So I was in need of a makeover.

Since fashion and beauty didn’t come to me easily, I needed to get studying. I read all the magazines, studied all the beauty blogs, and watched countless hours of YouTube tutorials – which all promised they’d have me looking like a total glamour.

Once I consumed all of these beauty tips, it became apparent that there were two hurdles standing between me and the model-like self I wanted to become.

Problem one: all of these beauty products cost a lot of money, and being a student, I didn't have any.

Problem two: I’d only just arrived home from volunteering in a Cambodian orphanage. Our toilet was a hole in the ground. We showered from a nearby well. We slept under mosquito nets. Prior to this trip, I already looked more like a gremlin than a teenage girl.

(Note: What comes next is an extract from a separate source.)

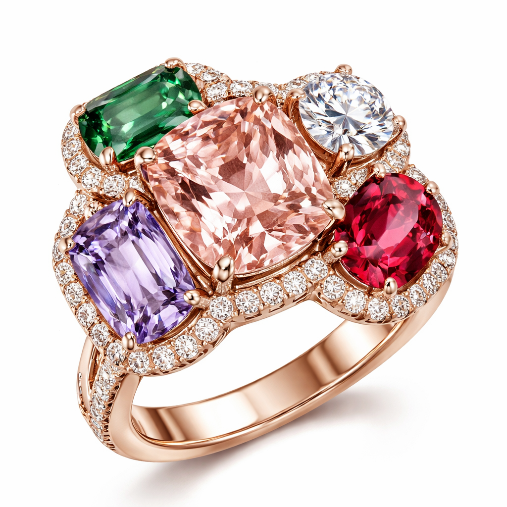 Crée moi une bague avec une morganite coussin une tsavorite taille émeraude un diamant rond un Spinel Lila taille émeraude et un Spinel rouge coussin
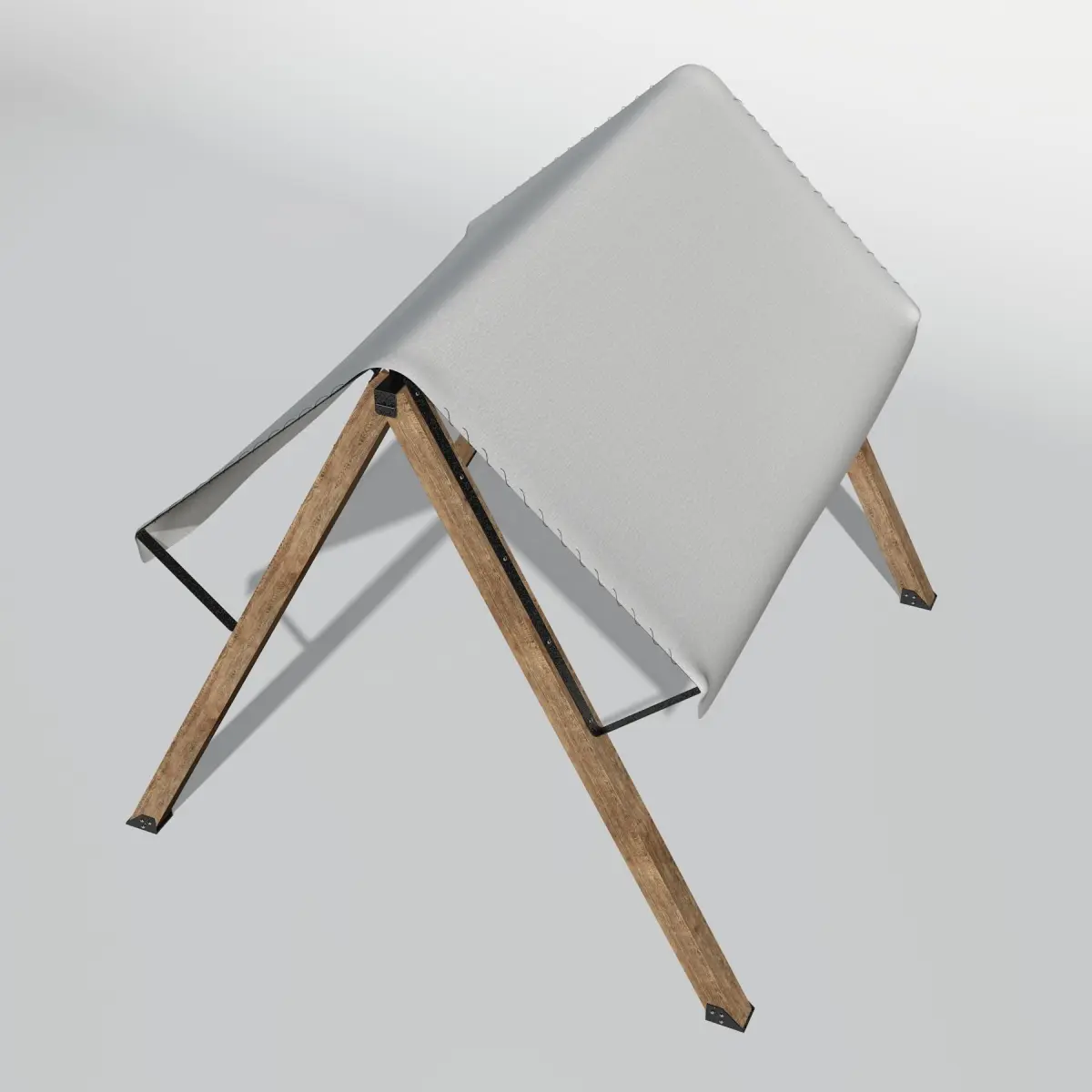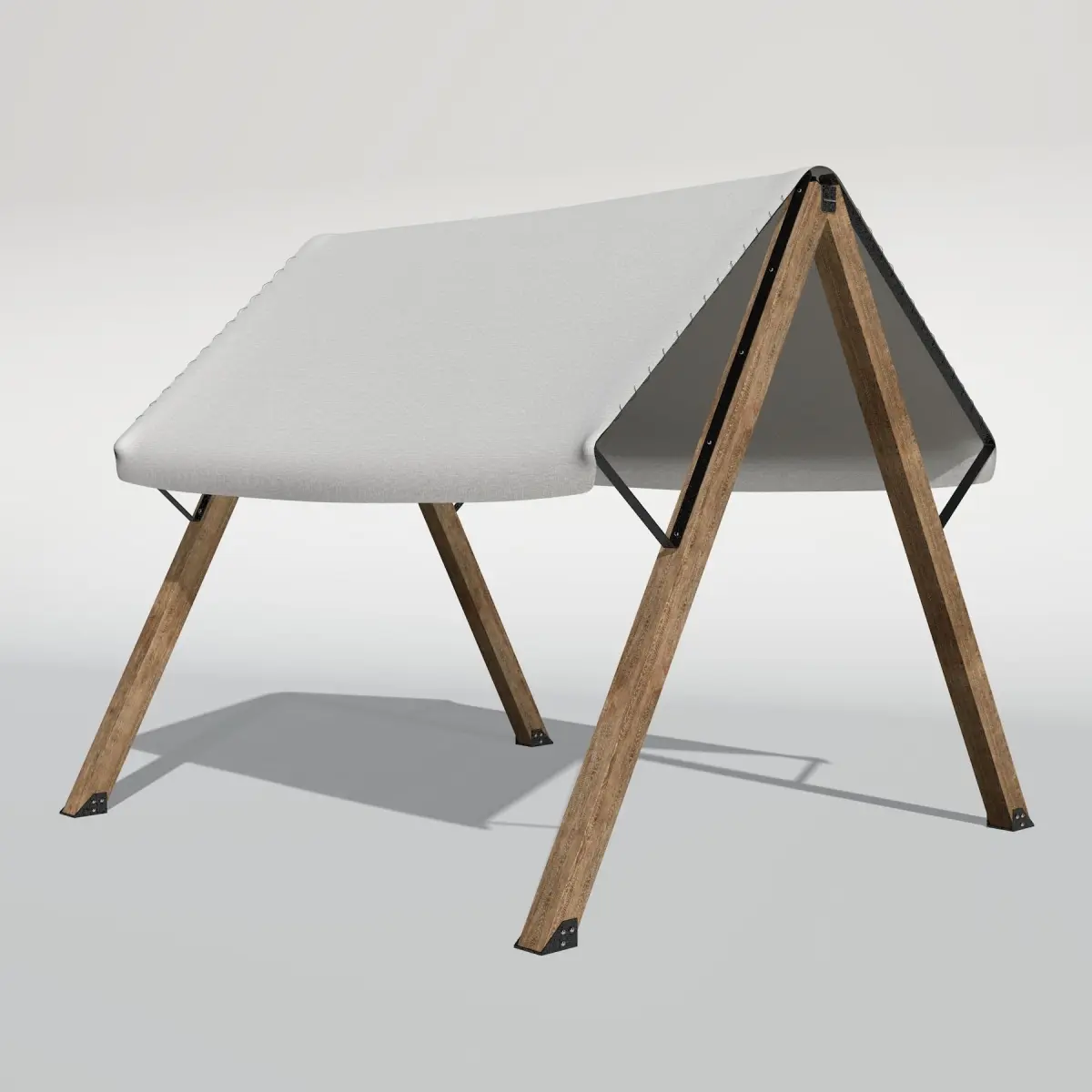 Textile patio sunshade on two wooden supports.Objects in scene 31. Metal materials are created from standard presets.

But after 5 weeks of living this rough lifestyle, my boyfriend project looked near impossible.

In fact, when I arrived home after this volunteer trip and stepped in front of the bathroom mirror for the first time, I gasped in fright when I saw my reflection. It was like a horror scene. It would take an army of beauty bloggers to fix me up. Every part of me looked tragic, but the worst of all was my hair. It needed immediate revival, and whatever method I chose, it needed to be completely free.

So I turned to my trusty friend Google for help.

Google led me to an egg hair treatment. According to the reviews, this treatment would have me looking like a goddess. I quite fancied looking like a goddess, so I raced to the fridge and pulled out a carton of eggs.

After whisking six large eggs into a gooey paste, I spread it through my long black hair and left it a while to soak in and do its thing.

Unfortunately, I’m someone who hates reading instructions. I never read them. I haven’t got time for that. So, like usual, I just skimmed past the instructions. Yep, yep, yep, easy, easy, whatever. After twenty minutes or so, I jumped in the shower to wash it out.

That’s when things went wrong.

Horrendously wrong.

As I stood beneath the hot water, I began to see thick chunks of egg form in my hair. What the fuck? In extreme panic, I grabbed my phone and furiously scrolled through the article again. And that’s when I saw it. The warning: HAIR MUST BE WASHED IN COLD WATER OTHERWISE THE EGG WILL COOK.

Cook?

Cook!

I have six motherfucking eggs cooked in my hair!

I tried to remain calm but I couldn’t. No matter how much shampoo I put in my hair, the egg wouldn’t budge. It was stuck. I was an omelette head. The only thing worse than the look was the smell. I was a walking fart.

For the next week, I kept a pretty low profile. I continued to find clumps of rotten egg in my hair and, despite going through half a bottle of perfume, I stunk worse than I could have ever imagined possible.

And when I looked in the mirror, I did not see a goddess. Instead, I saw the image of failure staring back at me.